World Cup skeleton resumes with Canada having shot at 3 Olympic sleds

At the halfway point of the World Cup skeleton schedule, Canada looks to have a shot at sending three sleds — two women's and one men's — to compete at the Beijing Olympics in February.

Bobsleigh Canada Skeleton says it expects to name its Olympic team on Jan. 20, 2022

Jane Channell, from North Vancouver, B.C., seen here on Feb. 11, is ranked 10th in the International Bobsleigh and Skeleton Federation rankings heading into the second-half of the World Cup. (Matthias Schrader/The Associated Press)

At the halfway point of the World Cup skeleton schedule, Canada looks to have a shot at sending three sleds — two women's and one men's — to compete at the Beijing Olympics in February.

After four of eight races, Jane Channell and Mirela Rhaneva are the top-ranked sliders on the national team according to the International Bobsleigh and Skeleton Federation rankings.

Channell, from North Vancouver, is No. 10 while Ottawa's Rhaneva is No. 13. Rhaneva is fresh off a bronze-medal finish at Winterberg, Germany on Dec. 10. On the men's side, Kyle Murray is the highest-ranked Canadian at No. 33.

The team's next World Cup event is this weekend in Altenberg, Germany, with coverage on CBCSports.ca starting Friday at 3 a.m. ET.

Team Canada Skeleton won't know its official Olympic sled allocation numbers for Beijing until final points are tallied in the new year. Bobsleigh Canada Skeleton said it expects to name its team on Jan. 20, 2022.

If Rhaneva makes it to Beijing, she will at least have the advantage of having raced on the Olympic course. This past October, Rhaneva was part of the group of international sliders who spent three weeks at the Yanqing National Sliding Centre for a Beijing test event.

'We almost didn't need track notes'

She said she loved the course.

"The whole track is kind of like St. Mortiz, but mixed in with Winterberg and Lake Placid," she said. "The first couple of times we went down, [it was so forgiving] we almost didn't need track notes.

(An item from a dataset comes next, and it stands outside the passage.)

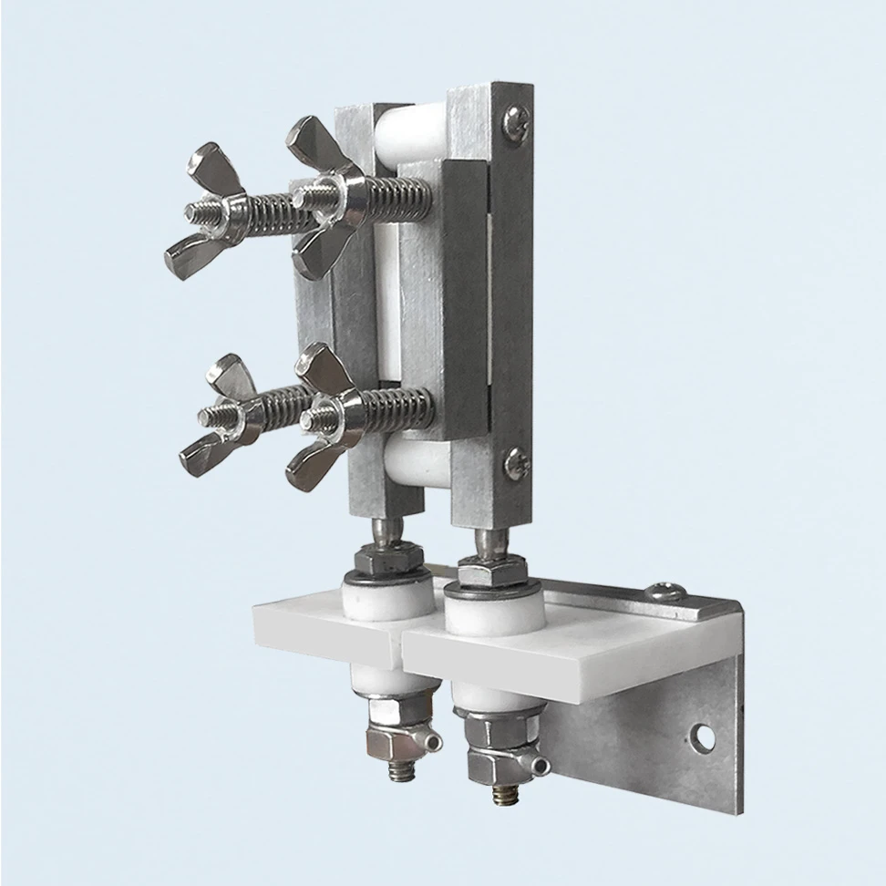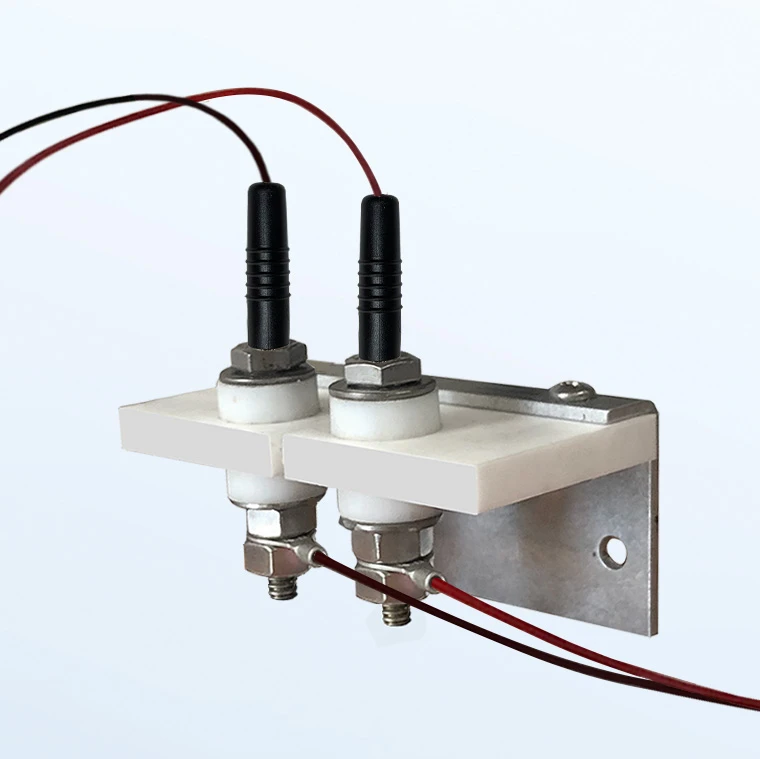 An angle connector is also necessary to mount the EMC holder onto the kiln wall and to make the connection to the in-kiln wiring. The two 4mm banana plugs from the EMC holder fit into the angle connector from one side. On the other side, cables are connected going to the switchbox of the in-kiln monitor or to the measuring box for the kiln control system.

"It requires a lot of that very relaxed sliding style that St. Moritz demands, but it also has some funny characteristics, too — like the risk of hitting the roof in corner 2 and the first true 360-degree spiral curve of any track. It was really fun."

Channell has been testing equipment, which has allowed her to learn the tracks in different ways. Despite finishing in the top 12 at every race so far, she has also been struggling to find her form this season. Her last World Cup medal was a bronze at the Konigssee, Germany event last January.

Channell competed at the Pyeongchang Olympics in 2018, and that experience is helping her during this qualifying process as she says she is "just trying to stay in the present moment."

Canadian skeleton racers had great Olympic success in the early part of this century. Turin 2006 witnessed a one-two punch with a gold-medal performance from Calgary's Duff Gibson that was accented by a silver for Jeff Pain (and a close fourth-place finish from Paul Boehm, another Calgarian). Also in Turin, Mellisa Hollingsworth of Lacombe, Alta., won bronze in the women's event.

Just four short years later, 2010 gave Canadian skeleton racers two of the most memorable moments in both glory and heartbreak. Glory as Jon Montgomery captured Olympic gold and became the iconic athlete who chugged that beer in Whistler village during his victory walk. Heartbreak as Hollingsworth, who was sitting in medal contention after three runs, struggled in her fourth and final descent and dropped to fifth.

The following two Olympics in 2014 and 2018 resulted in no medals for Canada's skeleton racers.